Two people were charged in D.C. for allegedly selling marijuana and THC-laced goodies from luxury cars decked out with prominent displays of pot leaves.
According to police, the pot business's fleet -- which traveled through D.C. neighborhoods such as U Street and Chinatown -- included three high-end cars bearing a prominent logo and phone number for "Kush Gods." Kush is a slang term for a high grade of marijuana.
Nicholas Paul Cunningham, 30, of Alabama, and 18-year-old Evonne Lidoff of Northwest D.C., were charged Tuesday, D.C. police said. The two appeared in court Wednesday, where they pleaded not guilty.

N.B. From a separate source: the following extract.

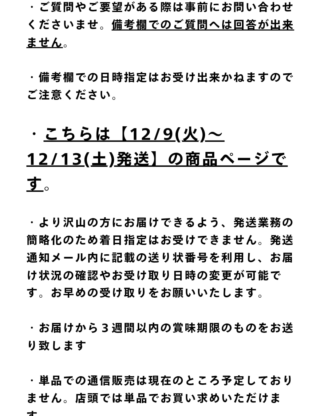よりたくさんの方にお届けできるよう、発送業務の簡略化のため着日指定はお受けできません。

After leaving court, Cunningham said he planned to be back out again Thursday, handing out edible marijuana items. He said he believes police were confused and they'll resolve the matter in court.
He said he believes what he's doing is legal.
However, he didn't get back to work Thursday -- later Cunningham tweeted that his arrest was a minor setback and he'd be back on the streets Saturday.
According to a post by DCist this fall, the owner of Kush Gods -- who declined to give his name to the blog -- moved from L.A. to D.C. over the summer, hoping to capitalize on D.C.'s changing legal landscape regarding marijuana, and was accepting donations for the pot-laced treats.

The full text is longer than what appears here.